(DATASET EXCERPT)
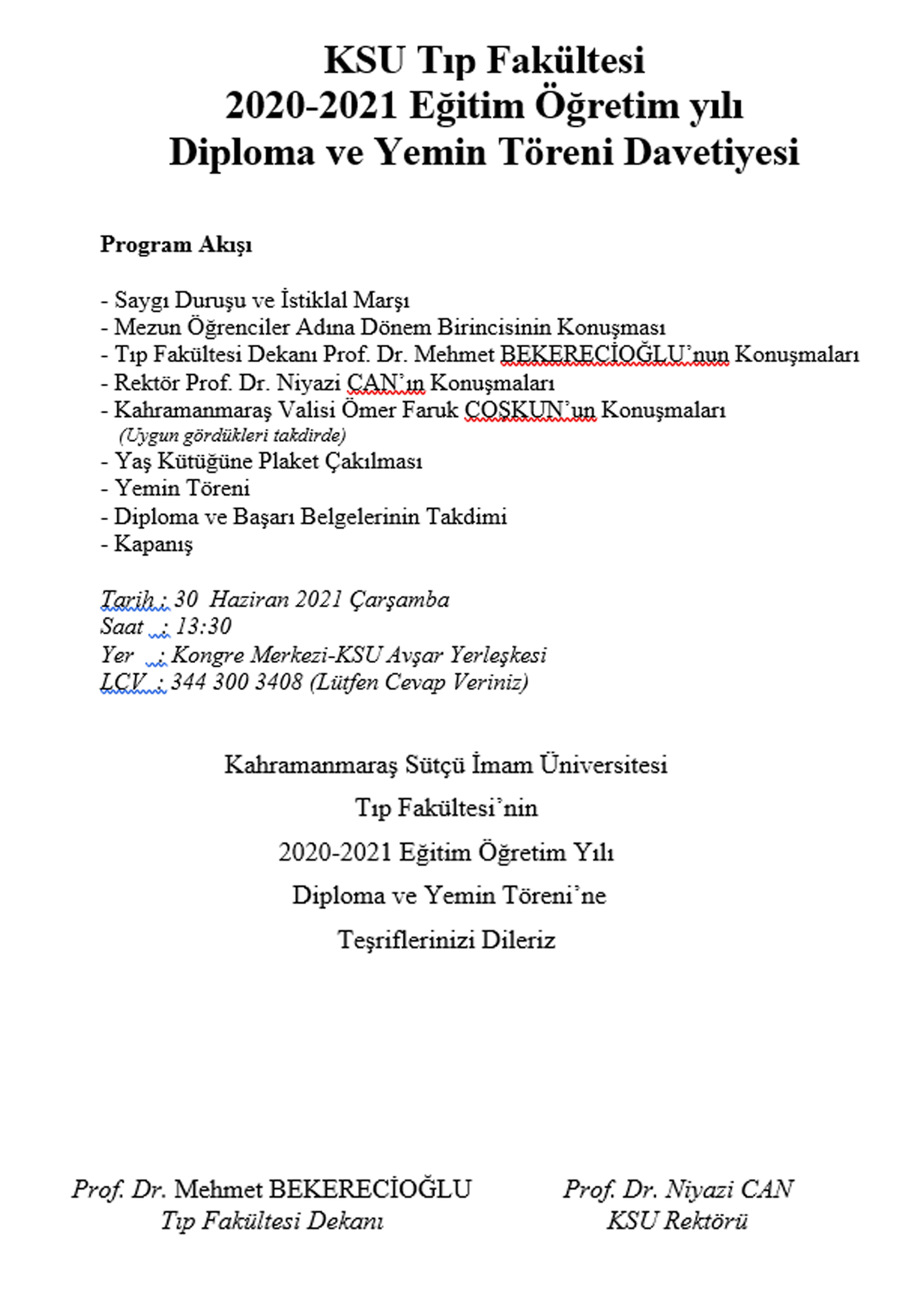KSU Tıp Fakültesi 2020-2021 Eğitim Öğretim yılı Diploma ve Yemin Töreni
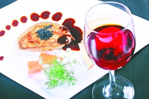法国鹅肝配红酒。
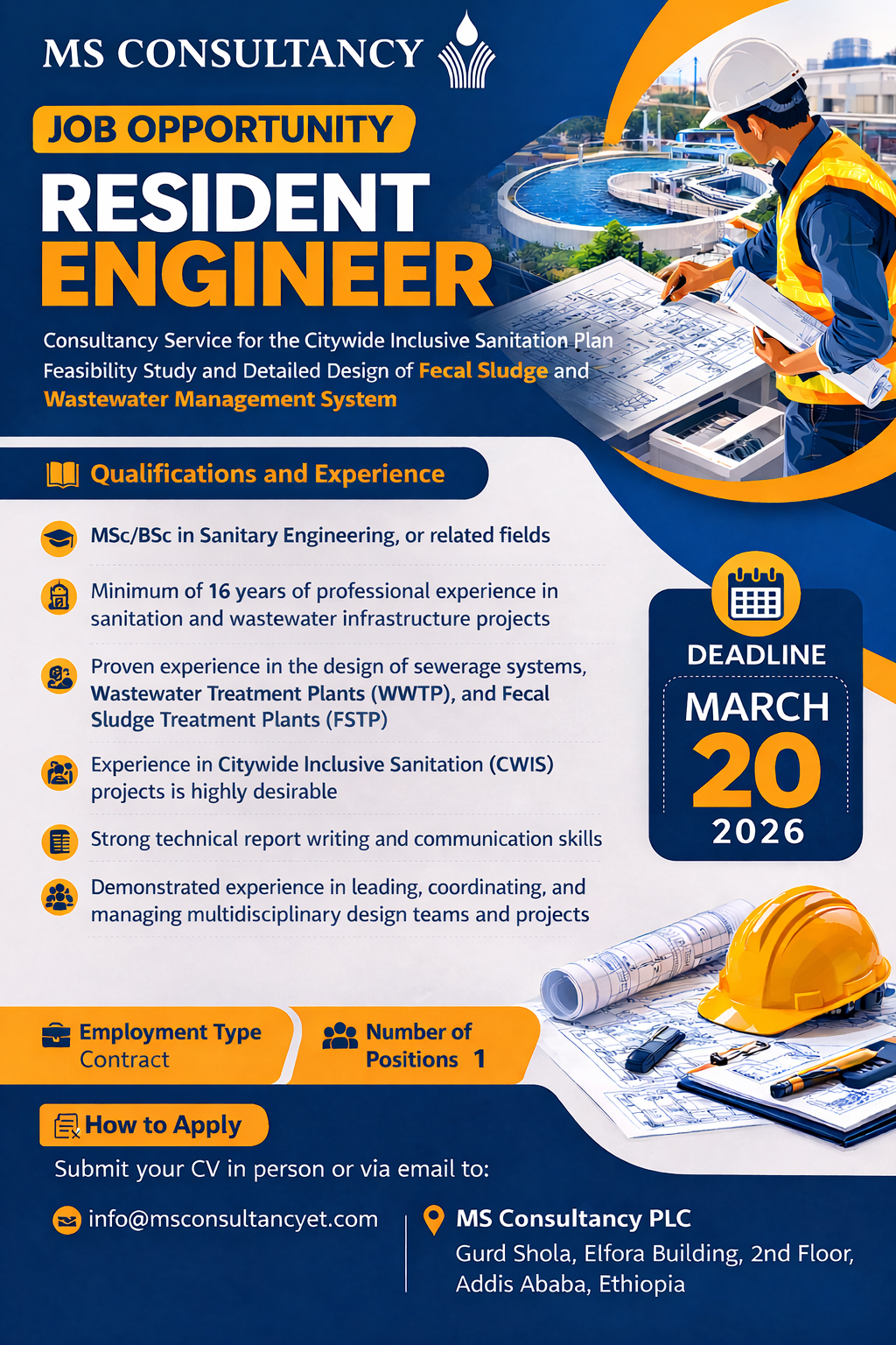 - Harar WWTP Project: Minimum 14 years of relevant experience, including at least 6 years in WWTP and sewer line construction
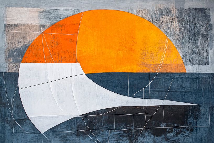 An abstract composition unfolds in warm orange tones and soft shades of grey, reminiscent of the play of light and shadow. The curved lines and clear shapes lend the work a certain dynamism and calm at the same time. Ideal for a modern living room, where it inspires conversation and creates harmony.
(End DATASET EXCERPT)
Please write the material out again exactly as shown above, minus any pictures.

#### [OUTPUT FOR THIS EXERCISE]
KSU Tıp Fakültesi 2020-2021 Eğitim Öğretim yılı Diploma ve Yemin Töreni
法国鹅肝配红酒。
 - Harar WWTP Project: Minimum 14 years of relevant experience, including at least 6 years in WWTP and sewer line construction
 An abstract composition unfolds in warm orange tones and soft shades of grey, reminiscent of the play of light and shadow. The curved lines and clear shapes lend the work a certain dynamism and calm at the same time. Ideal for a modern living room, where it inspires conversation and creates harmony.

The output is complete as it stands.